Bestuurlijke Werkconferentie ‘Veiligheid en jeugdbeleid' niemand tussen wal en schip
Toespraak van minister Opstelten van Veiligheid en Justitie tijdens de bestuurlijke werkconferentie ‘Veiligheid en jeugdbeleid; niemand tussen wal en schip’, uitgesproken in het Provinciehuis in Den Haag op 31 januari 2011.
Dames en heren,
Goed om te zien dat u met zoveel burgemeesters, wethouders en leidinggevende professionals uit het werkveld hier in het Provinciehuis bijeen bent gekomen, voor deze Bestuurlijke Werkconferentie ‘Veiligheid en Jeugdbeleid; niemand tussen wal en schip.’
We gaan het vanmiddag hebben over een belangrijk thema - en dat belang komt zowel tot uitdrukking in de titel als in de ondertitel.

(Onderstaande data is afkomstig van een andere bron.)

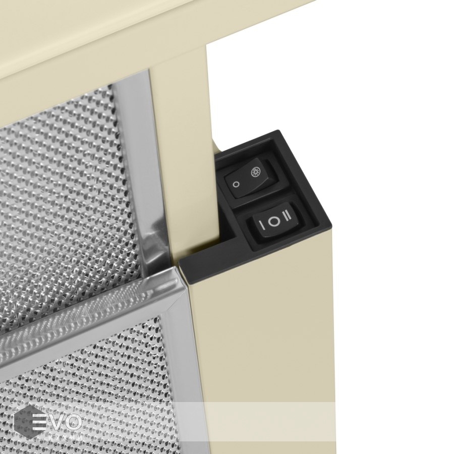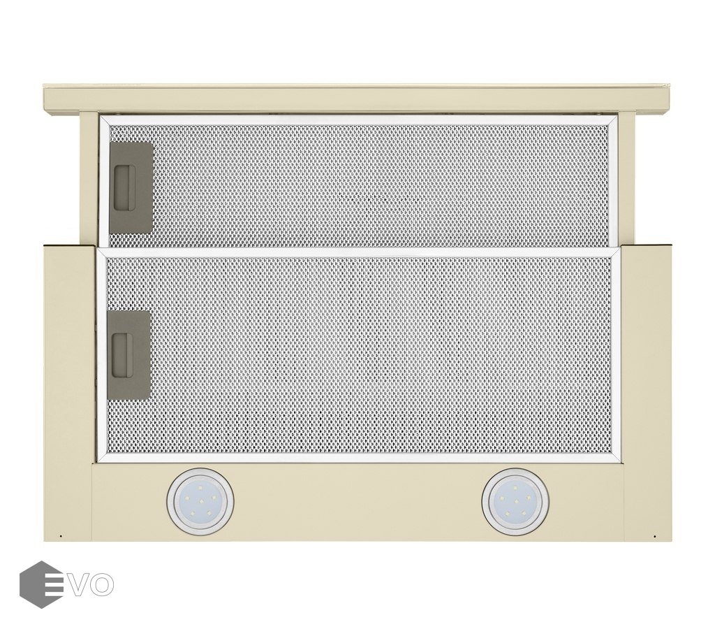 Корпус сделан из нержавеющей стали с высококачественным покрытием бежевого цвета. Фасадная панель из высокопрочного закаленного стекла выполнена в цвет корпуса. Два многослойных жироулавливающих фильтра из алюминия легко вынимаются из вытяжки и полностью разбираются, что сильно упрощает их чистку. Управление вытяжкой осуществляется двумя клавишными переключателями, скрытых в торце рабочей панели. Вы можете выбрать одну из 2-х скоростей вентилятора и включить освещение.
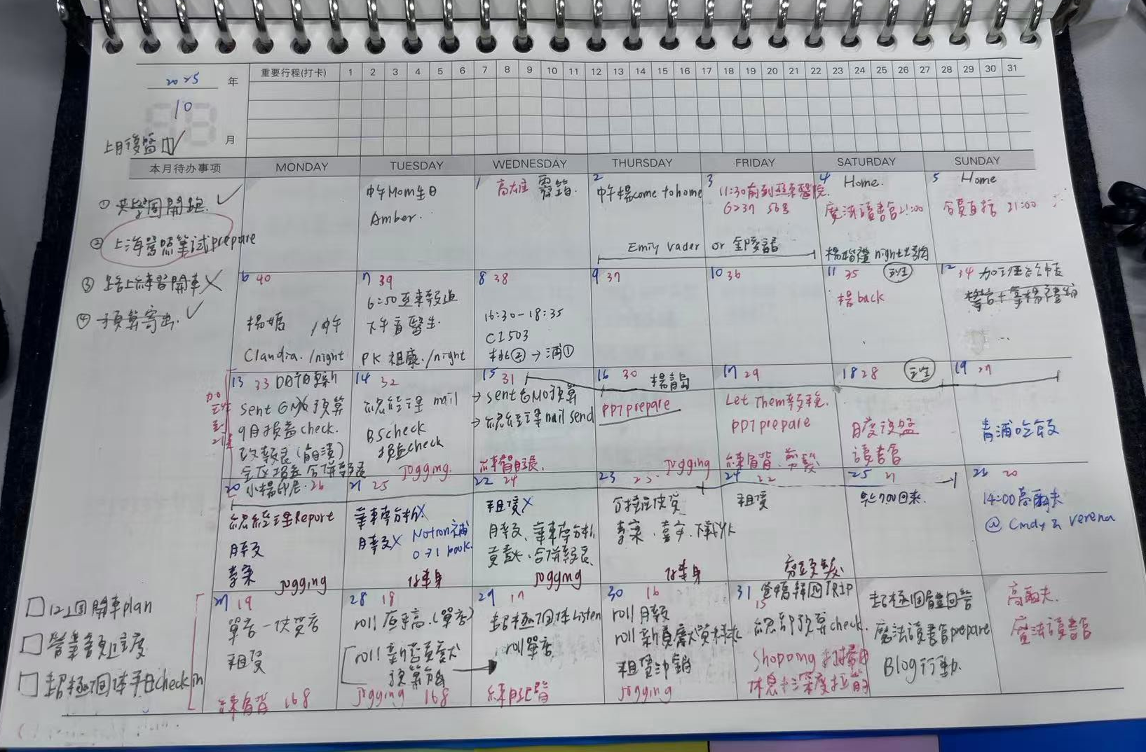這幾年,我不知不覺變成了一個計劃控。不論是在 Notion 建立的年度、季度計劃系統,還是回歸紙本記錄的月度計劃表,直到現在,我甚至開始把魔爪伸向每天的每小時——隨身攜帶一日行程表,徹底掌控時間。
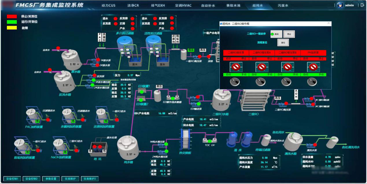 系統按動力CUS、潔凈CR、排氣EXH、空調HVAC、自動補水、事故水池、超純水、污廢水等八大子系統進行流程可視化展示,覆蓋生產工藝用水、恒溫恒濕恒壓環境控制及廢氣廢水處理等環節。實時監測運行狀態與工藝參數,優化調節PID參數,保障生產環境穩定可靠。

Goed - en goed uitgevoerd - jeugdbeleid kan een belangrijke bijdrage leveren aan het terugdringen van overlast en crimineel gedrag door jongeren. Zoals u weet is veiligheid een van de topprioriteiten van dit kabinet. Om dit belang nog eens te onderstrepen heb ik het verzoek om op deze conferentie te komen spreken dan ook van harte geaccepteerd! Ik sta hier als Minister van Veiligheid en Justitie - de eerste in de geschiedenis. En dat is niet zomaar een naamswijziging. We benadrukken hiermee het grote belang dat dit kabinet hecht aan het veiliger maken van de samenleving. Maar we willen ook nog iets anders duidelijk maken: het oude, vertrouwde Ministerie van Justitie heeft de ramen opengezet. Voor de gemeenten en andere lokale/regionale veiligheidspartners. Immers, alleen in nauwe samenwerking kunnen we de criminaliteit en overlast effectief te lijf.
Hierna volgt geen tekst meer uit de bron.